**EXERCISE MATERIAL:**
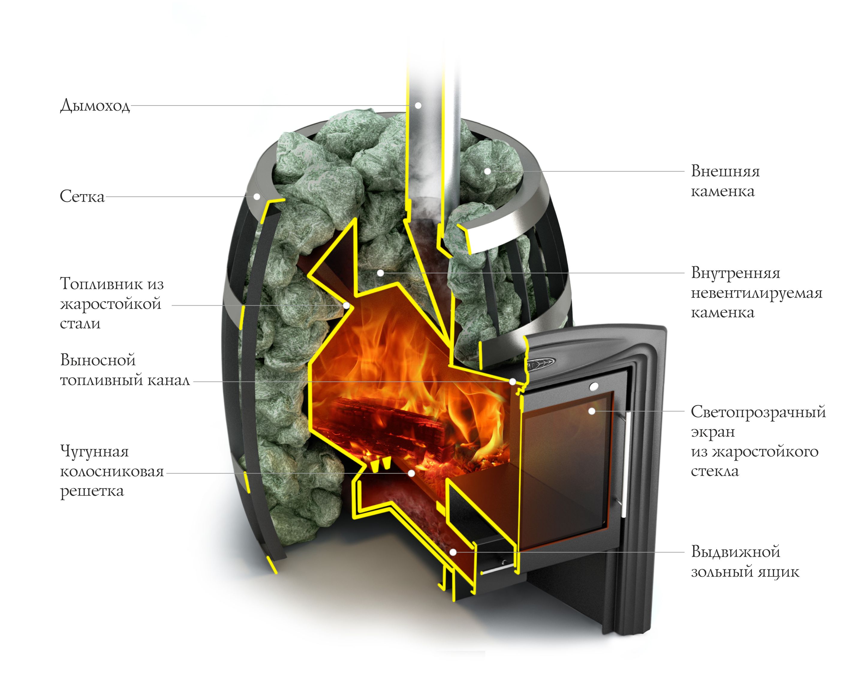 В обычных банных печах камни внутри, а печка снаружи. В печах-сетках всё наоборот: печка внутри, а камни снаружи.
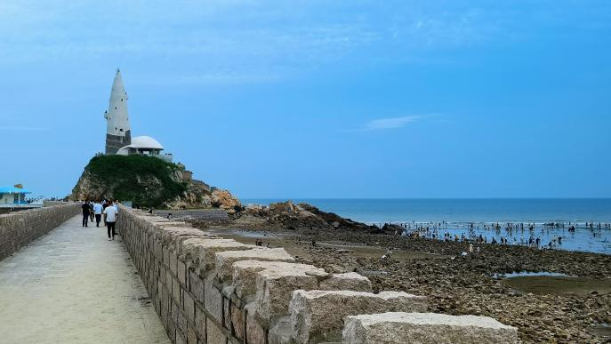 孫雪:這里的空氣比較清新,海的環(huán)境也不錯(cuò),很寬闊很藍(lán),我們大人喜歡拍照,小孩子就在這里趕海。
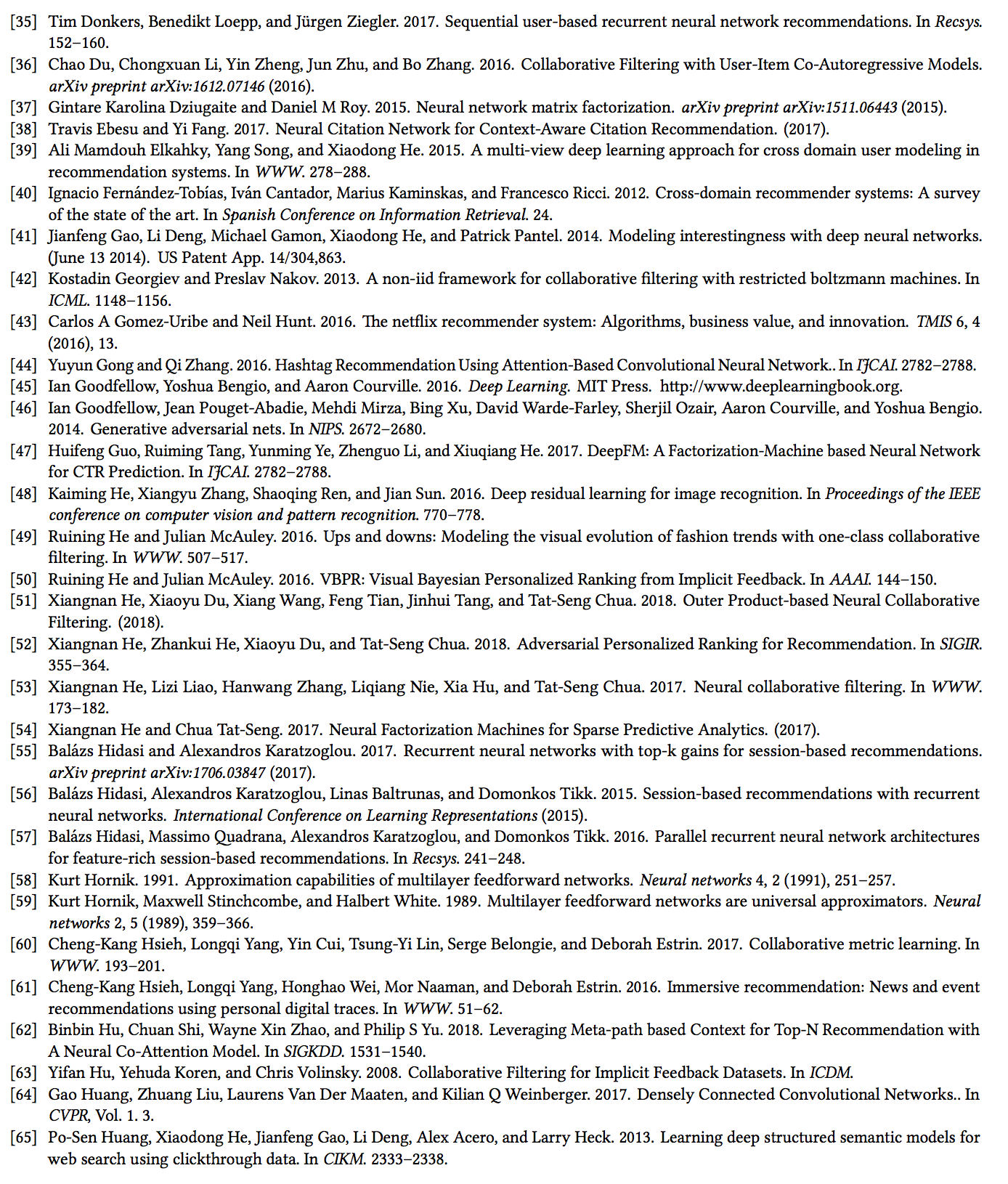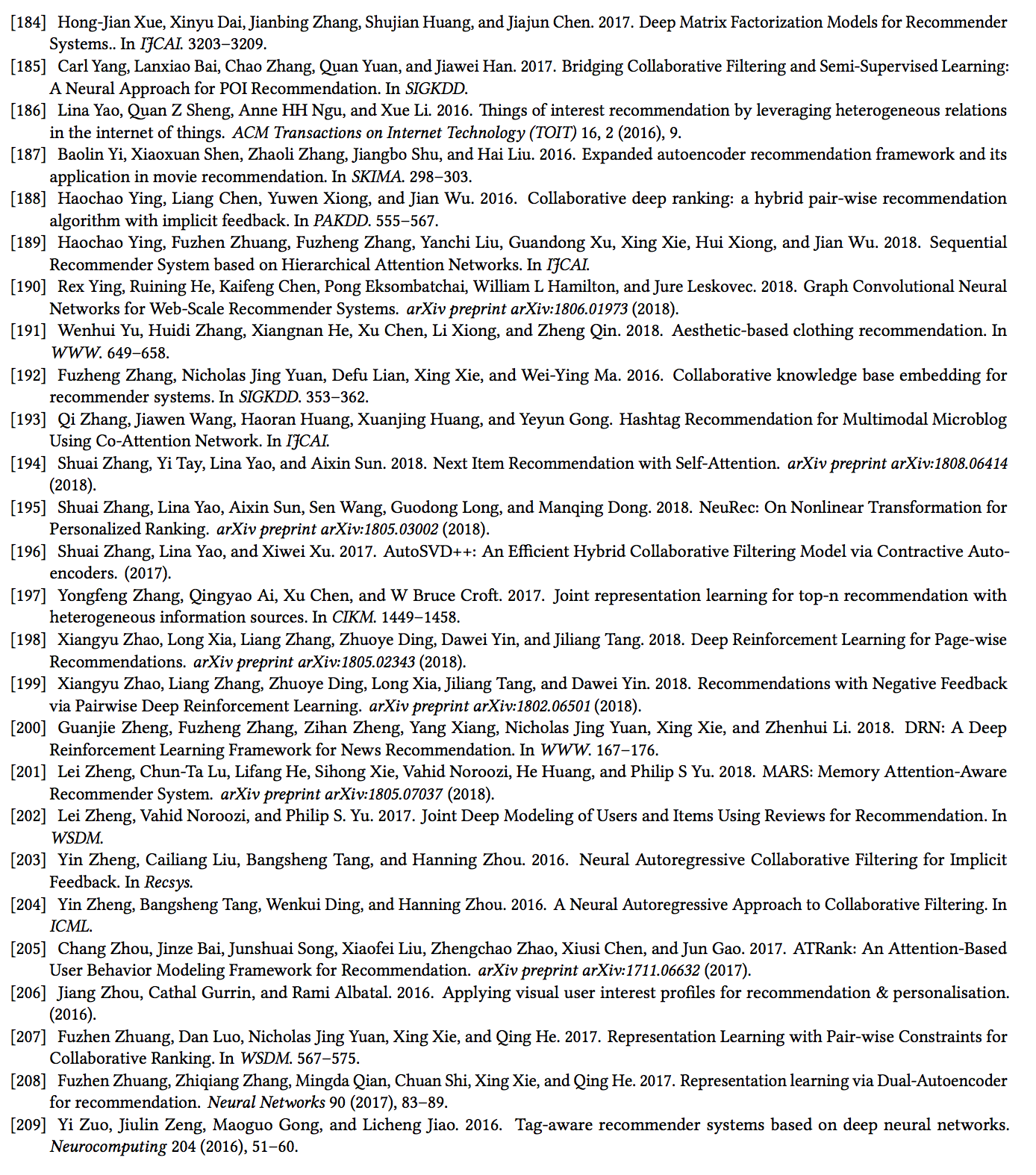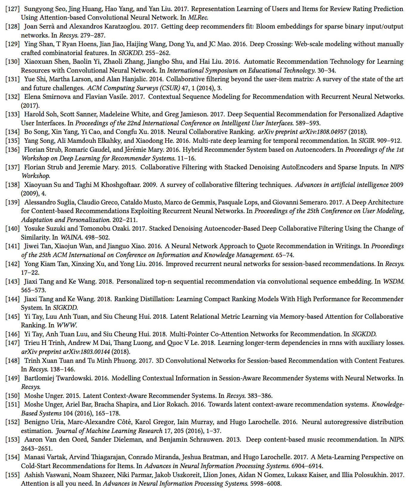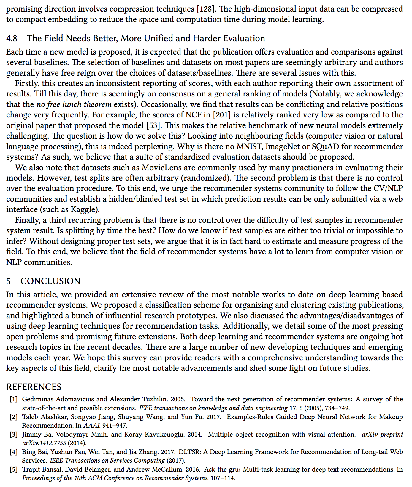 - 数据要求。第二个可能的限制是,深度学习被认为是数据饥渴的,因为它需要足够的数据才能完全支持其丰富的参数化。然而,与标记数据稀缺的其他领域(例如语言或视觉)相比,在推荐系统研究的背景下获得大量数据相对容易。百万/亿级别的数据集不仅在工业中很常见,而且也作为学术数据集发布。
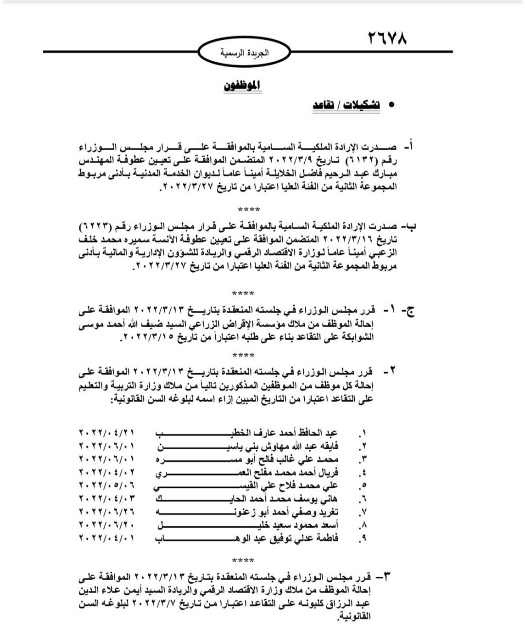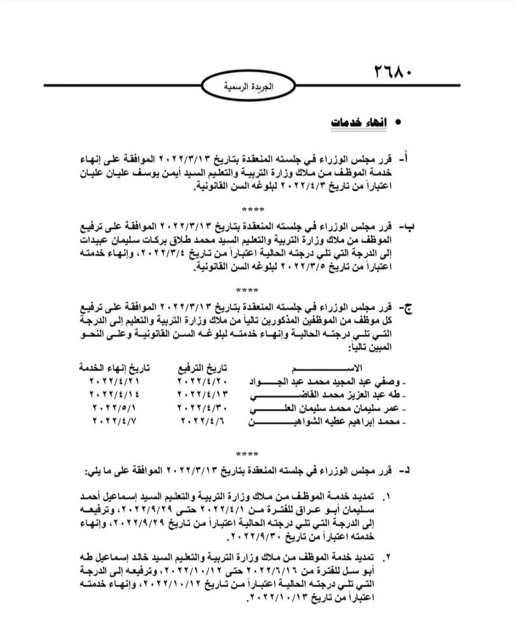 مجلس الوزراء، إحالة عدد من الموظفين في وزارات ومؤسسات حكومية الى التقاعد وانهاء
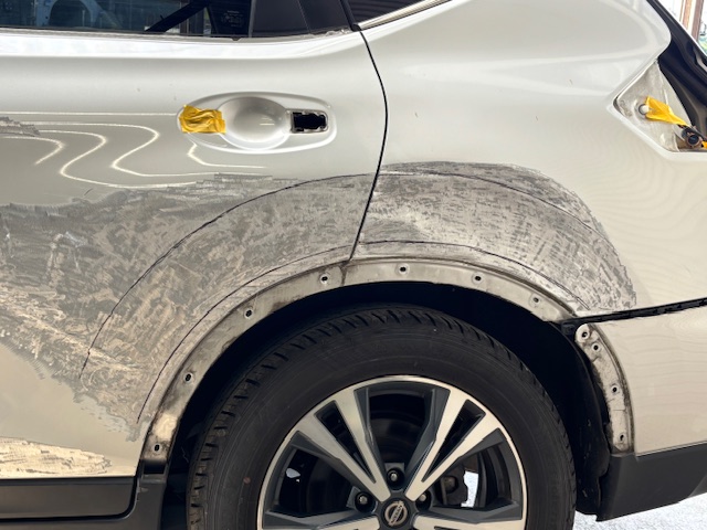 HT32 エクストレイル 左リアドア・クォーターパネル板金 沼津
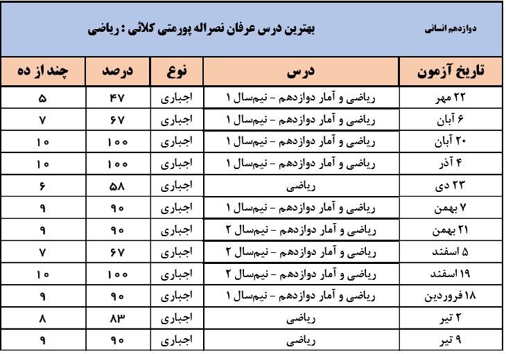 - کدام درسها نقطه قوت شماست؟ روش مطالعه این درسها چگونه است؟ در مدرسه یا آزمونها چه نمرهای برای این درسها کسب میکنید؟
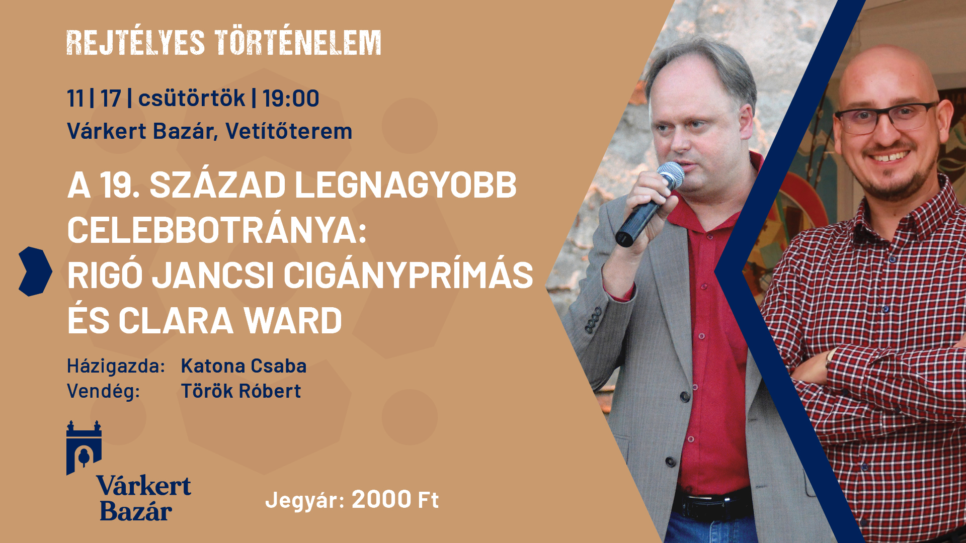 A pákozdi szegénysoron született híres cigányprímás a 19. század végén Párizsban ismerte meg a gazdag chicagói családból származó belga hercegné, Clara Wardot. Az ismeretségből szerelem lett, mindketten elváltak, majd összeházasodtak. A botrányos rangon aluli házasság Ausztráliától Amerikáig tematizálta a közbeszédet. Az este során Rigó Jancsi és Clara Ward kalandos életét is megismerhetjük.
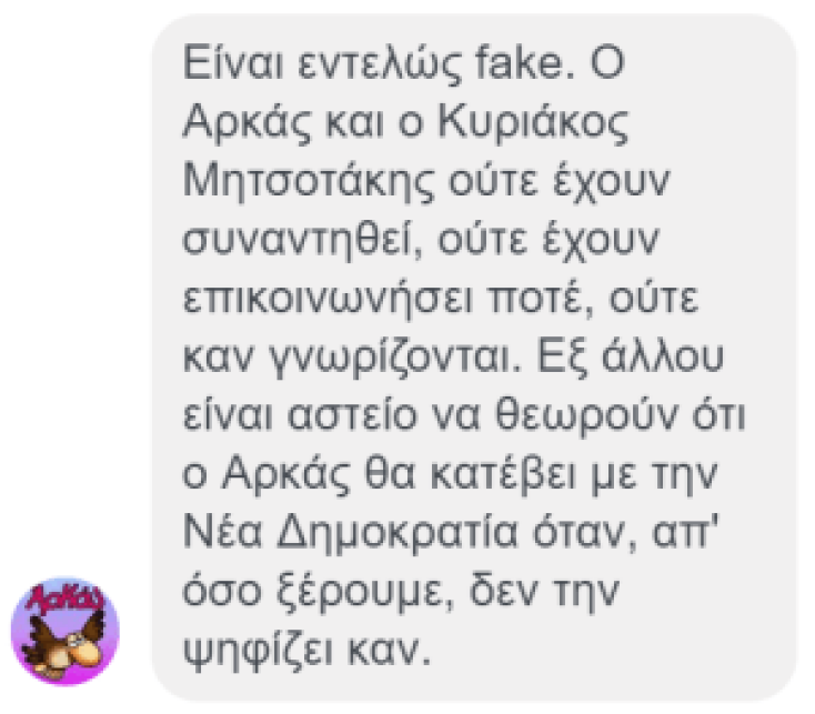 «Είναι εντελώς fake. Ο Αρκάς και ο Κυριάκος Μητσοτάκης ούτε έχουν συναντηθεί, ούτε έχουν επικοινωνήσει ποτέ, ούτε καν γνωρίζονται. Εξ άλλου είναι αστείο να θεωρούν ότι ο Αρκάς θα κατέβει με την Νέα Δημοκρατία όταν, απ’ όσο ξέρουμε, δεν την ψηφίζει καν».

**WORK ORDER:**
The expected output is the lines above from the one containing "孫雪:這里的空氣比較清新,海" to the one containing "مجلس الوزراء، إحالة", both ends included, reproduced exactly with every picture left out.

**OUTPUT BELOW:**
 孫雪:這里的空氣比較清新,海的環(huán)境也不錯(cuò),很寬闊很藍(lán),我們大人喜歡拍照,小孩子就在這里趕海。
 - 数据要求。第二个可能的限制是,深度学习被认为是数据饥渴的,因为它需要足够的数据才能完全支持其丰富的参数化。然而,与标记数据稀缺的其他领域(例如语言或视觉)相比,在推荐系统研究的背景下获得大量数据相对容易。百万/亿级别的数据集不仅在工业中很常见,而且也作为学术数据集发布。
 مجلس الوزراء، إحالة عدد من الموظفين في وزارات ومؤسسات حكومية الى التقاعد وانهاء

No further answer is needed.